▸ **Task to carry out**
Word for word, copy the line containing "Red Large Cherry" and every line after it in the records below, leaving pictures out.

▸ **Extracted material**
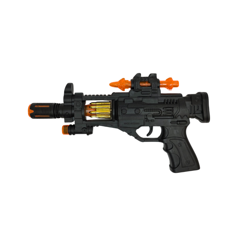 Realistiško dizaino žaislinis automatinis šautuvas su šviesos ir garso efektais – puikus pasirinkimas mažiesiems kariams! Nuspaudus gaiduką, šautuvas šviečia, skleidžia šaudymo garsus ir sukasi imitacinės kulkos, suteikdamos dar daugiau veiksmo žaidimui.
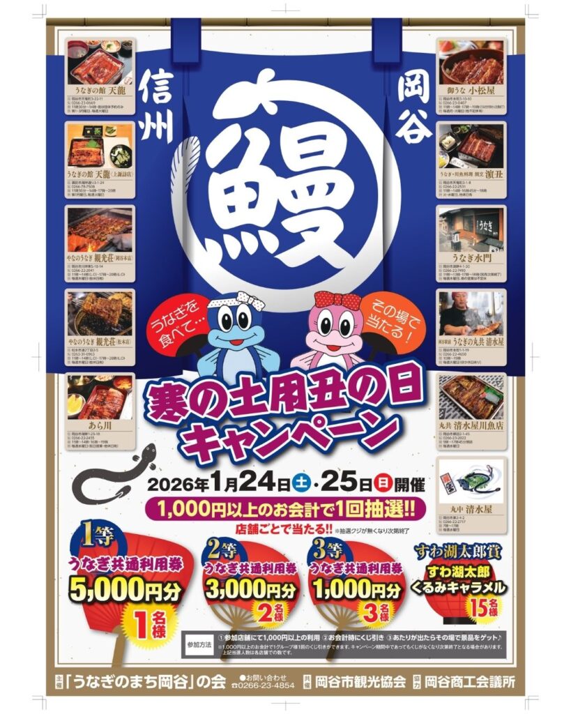 「うなぎのまち岡谷」の会では立春前にあたる1月最終の丑の日を「寒の土用丑の日」と定めており、寒の土用丑の日を盛り上げる為にキャンペーンを行います!
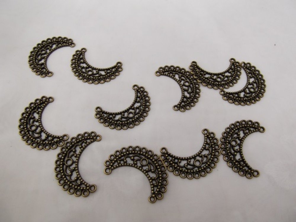 2 Pendentifs connecteurs arc de cercle ciselé ajouré 35x22mm bronze avec 15 Trous
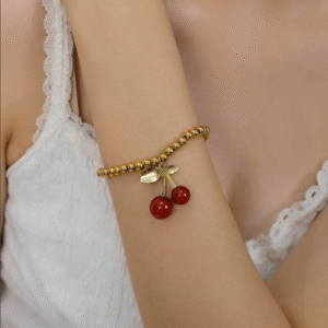 Red Large Cherry Pendant Bracelet with Fruit Elements
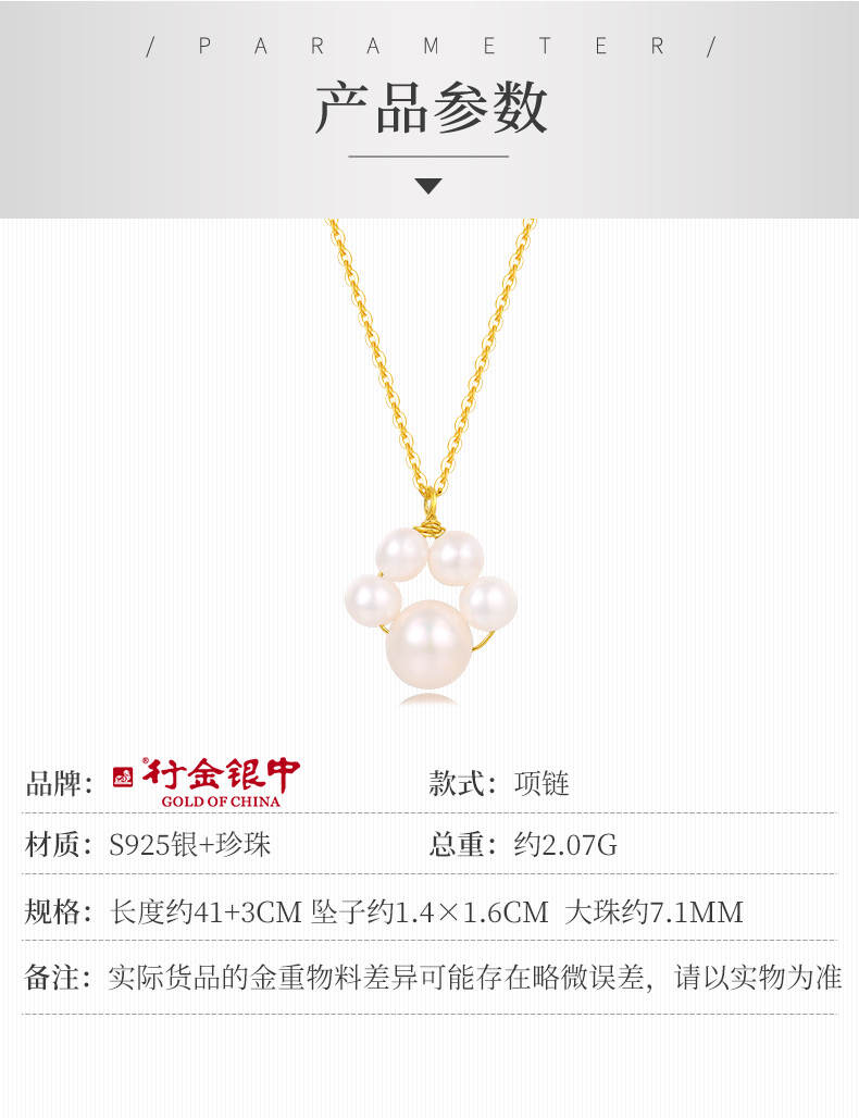 商品名称:中银金行S925银淡水珍珠可爱猫爪项链(单位:件) 黄色
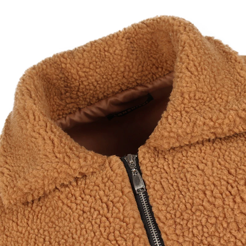 Эта куртка изготовлена из искусственного меха, который очень шелковистый и мягкий, с боковыми карманами и застёжкой-молнией, чтобы она выглядела крутой. Длинная свободная посадка идеально подходит для наслоения свитера.
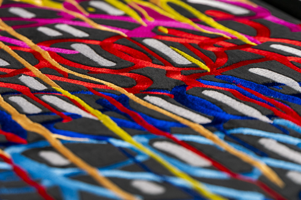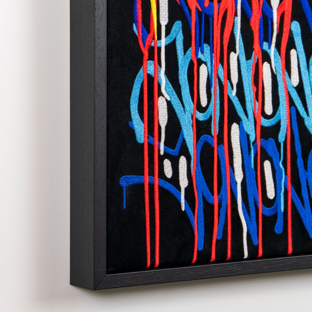VANGART reinvents contemporary embroidery by working with leading artists to create unique textile artworks. Each piece is produced in our Lyon atelier, labeled EPV (Entreprise du Patrimoine Vivant, a mark of exceptional French craftsmanship), where original artworks are transformed into millions of stitches on premium fabrics. Each edition is numbered, signed, and museum-framed.
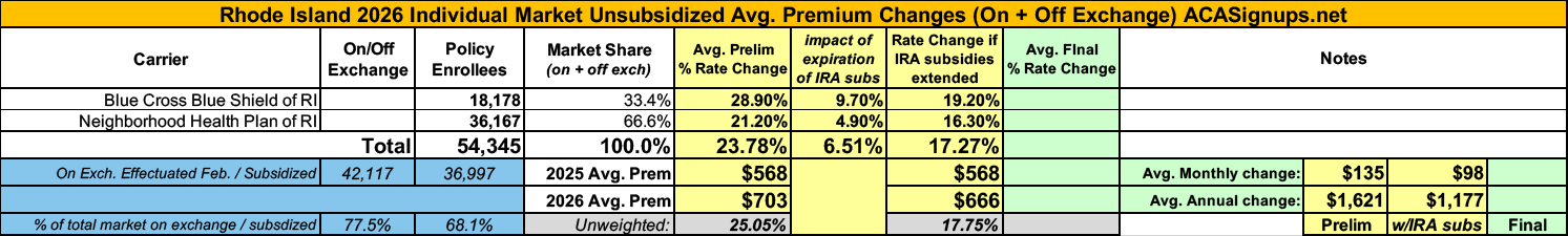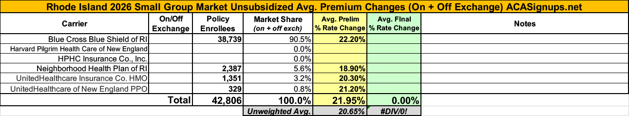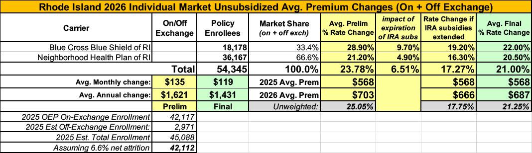 UPDATE 9/19/25: Both BCBS RI and Neighborhood Health Plan have published their final/approved 2026 rate filings.
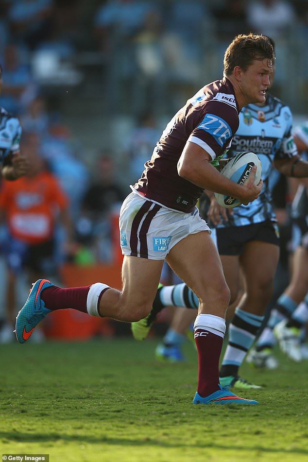 Liam Knight was homeless for a stretch when he first cracked the footy big time with the Manly Sea Eagles (pictured)
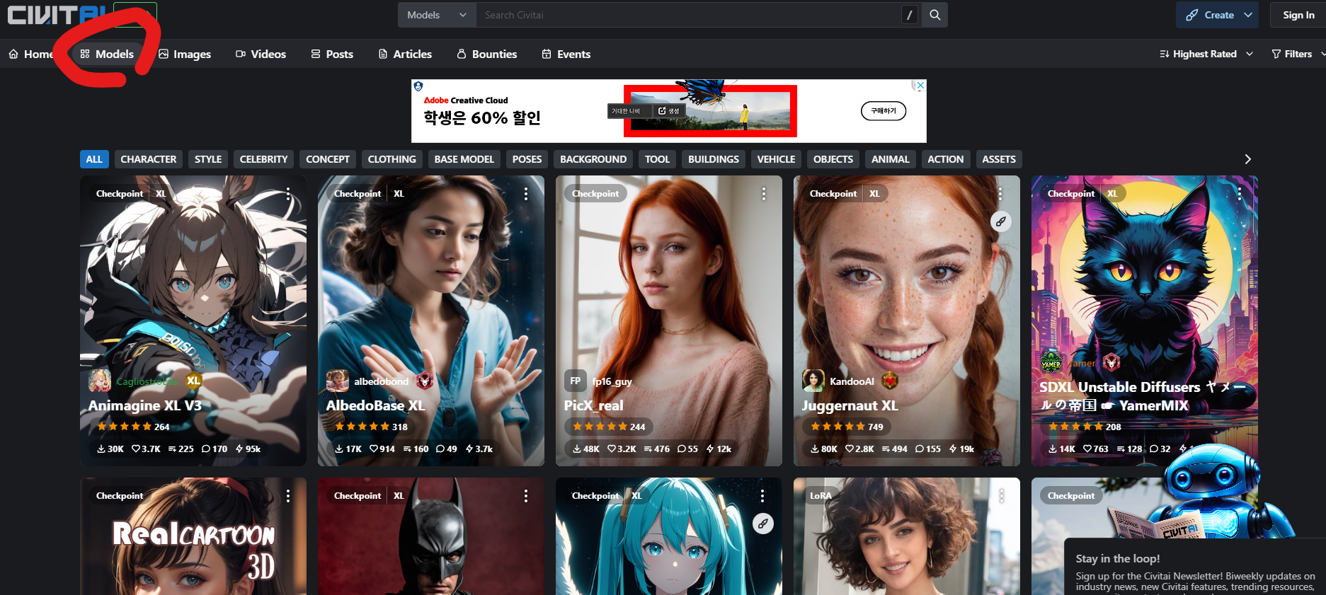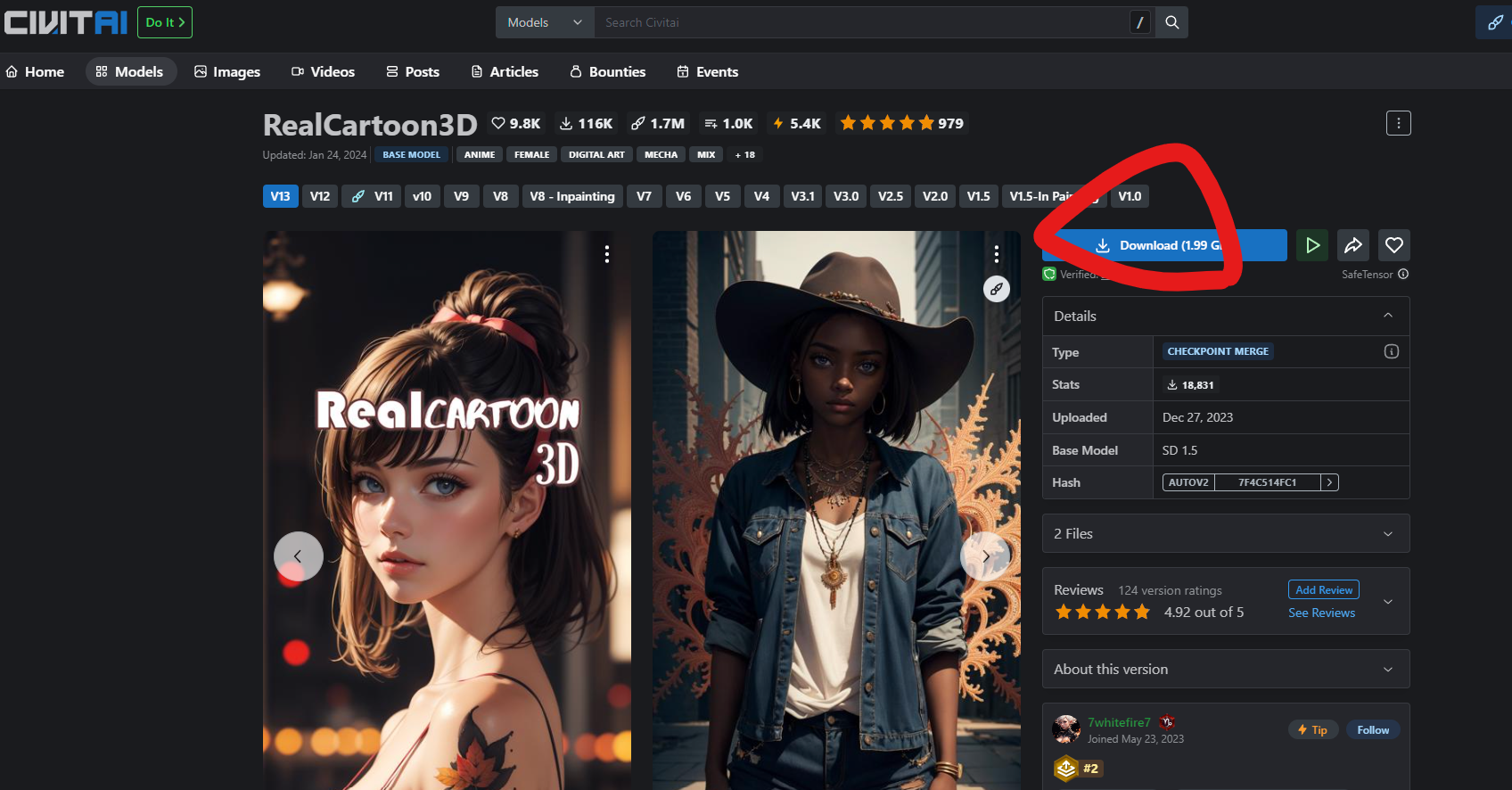 상단의 Models 탭에 들어가서 Checkpoint라고 쓰여있는 모델들로부터 모델을 다운로드 받는다.

▸ **Solution for this task**
 Red Large Cherry Pendant Bracelet with Fruit Elements
 商品名称:中银金行S925银淡水珍珠可爱猫爪项链(单位:件) 黄色
 Эта куртка изготовлена из искусственного меха, который очень шелковистый и мягкий, с боковыми карманами и застёжкой-молнией, чтобы она выглядела крутой. Длинная свободная посадка идеально подходит для наслоения свитера.
VANGART reinvents contemporary embroidery by working with leading artists to create unique textile artworks. Each piece is produced in our Lyon atelier, labeled EPV (Entreprise du Patrimoine Vivant, a mark of exceptional French craftsmanship), where original artworks are transformed into millions of stitches on premium fabrics. Each edition is numbered, signed, and museum-framed.
 UPDATE 9/19/25: Both BCBS RI and Neighborhood Health Plan have published their final/approved 2026 rate filings.
 Liam Knight was homeless for a stretch when he first cracked the footy big time with the Manly Sea Eagles (pictured)
 상단의 Models 탭에 들어가서 Checkpoint라고 쓰여있는 모델들로부터 모델을 다운로드 받는다.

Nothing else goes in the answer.